How do I extract a specific name from the filename of word document in a for loop (in python)?


Below is the for loop that loop the all the word document files. As you can see below, I have already printed the filename to see the output of it.

for filename in os.listdir(root_dir):
            source_directory = root_dir + '/' + filename
            # The output of filename is shown in the next section.
           -> print(filename)
            arr = mynotes_extractor.get_mynotes(source_directory)
            list2str = str(arr)
            c = cleanString(newstring=list2str)
            new_arr = []
            new_arr += [c]
            text_file = open(output, 'a', encoding='utf-8')
            for item in new_arr:
                text_file.write("%s\n" % item)

The below is the output after printing filename:

12345_Cat_A_My Notes.docx
6789_Cat_B_My Notes.docx
54321_Cat_A_My Notes.docx
12234_Cat_C_My Notes.docx
86075_Cat_D_My Notes.docx
34324_Cat_E_My Notes.docx

I would like to extract only the specific name, which is "My Notes" in all the filenames of word document inside the for loop as shown above.

For instance: 
         Before filename of word document extraction: 34324_Cat_E_My Notes.docx
         After filename of word document extraction: My Notes 

Solution

  • Written in one line tidiness but can be confusing when you are starting out.

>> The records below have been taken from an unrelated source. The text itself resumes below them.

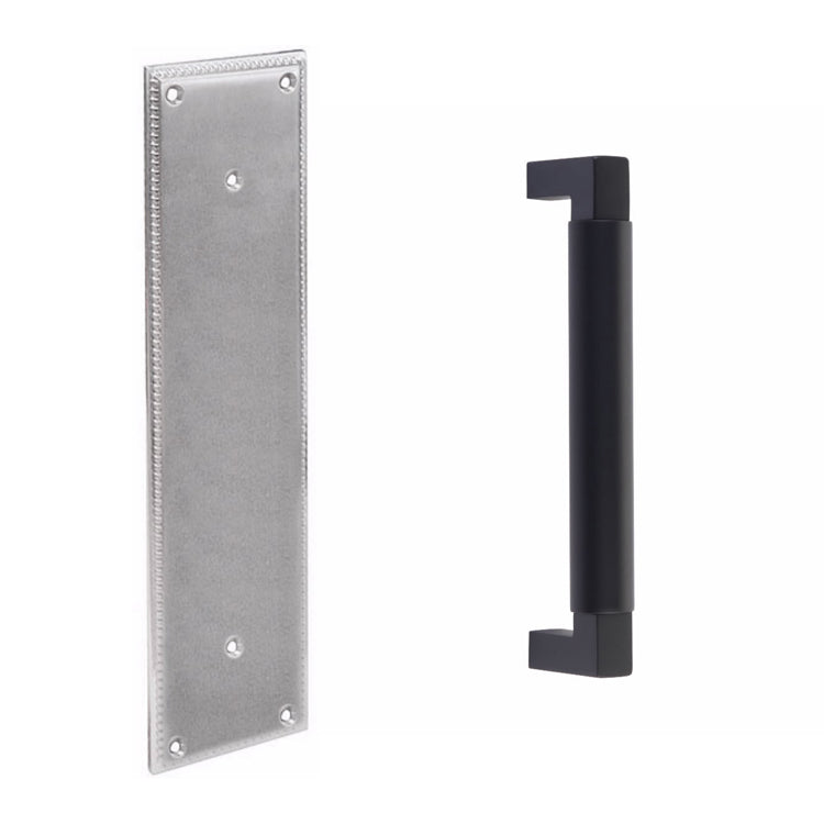 This pull plate set is designed for any door in your home or business (such as entryway or hallway doors). It is constructed from solid brass and measures 3 inch wide by 12 inches tall. The handle C-to-C measures 8 Inches. The handle is Concealed Surface mounted. Comes in a variety of finishes.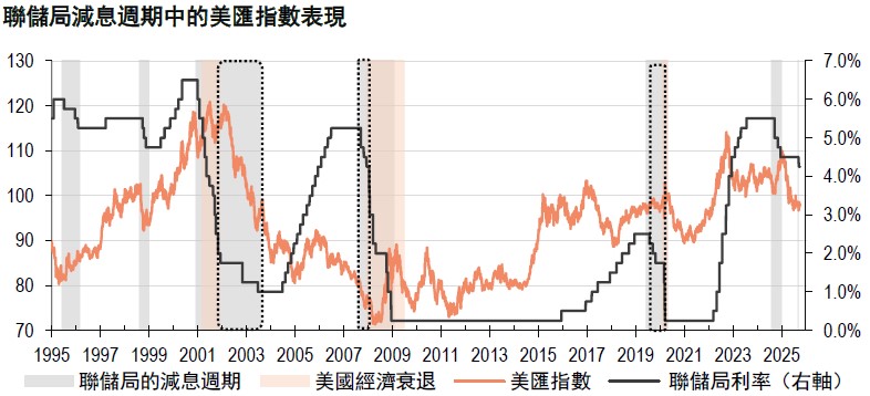 市場正在爭論美元是否已經觸底,並準備開啟上升趨勢。我們認為美元在明年年初觸底之前,仍有逐步下跌的空間,特別是考慮到美國聯邦儲備局(簡稱「聯儲局」或「美聯準」)可能減息。歷史經驗表明,在聯儲局減息,但美國經濟並未陷入衰退的時期(例如2002 至2003 年、2007 年下半年和2019 年下半年),美元通常會走弱,這一規律為分析當前情況提供了參考。此外,美國貿易政策的不確定性和聯儲局的獨立性也可能令美元承受下行壓力。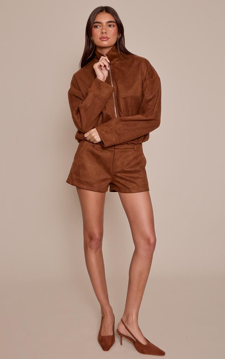 Embrace elevated daywear with the tan faux suede tailored shorts. Crafted from a tan faux suede, they boast a confident tailored cut. Perfect for sophisticated daytime events, from brunch to city styling. Finish your two piece set with the matching jacket, pointed heels, and subtle gold earrings.Length approx 33cm/13inch (Based on sample size US 4)Model wears size UK 8/ EU 36/ AUS 8/ US 4Model Height - 5ft 7inchp]:!mb-4inch>Brand: PrettyLittleThingCategory: Co-ordsProduct type: Tailored ShortsColor: TanMaterial: Faux SuedeOccasion: Day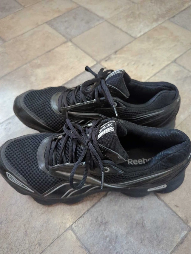 Get ready to run in these Reebok Runtime men's running shoes, size 12. They're in good used condition and ready for a new owner. Brand: Reebok, Model: Runtime, Size: Men's 12, Colour: Black. Asking $20. If the ad is up, the shoes are still available.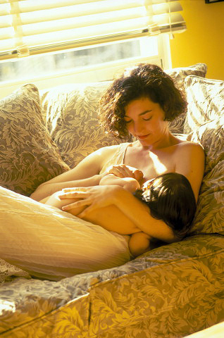 Кормление лежа особенно удобно, поскольку женщине не приходится напрягать спину и даже можно отдохнуть.

    filename.split('.')[0].split('_')[-1]
    

    output: 'My Notes'

    Detailed explanation below:

    filename = '12345_Cat_A_My Notes.docx'
    

    .split('.') splits the string at every period

    >>>['12345_Cat_A_My Notes', 'docx']
    

    [0] takes the first element of the list

    >>>'12345_Cat_A_My Notes'
    

    .split('_') splits this string at each underscore returning

    >>>['12345', 'Cat', 'A', 'My Notes']
    

    [-1] Finally, takes the last item in the list with returning

    >>>'My Notes'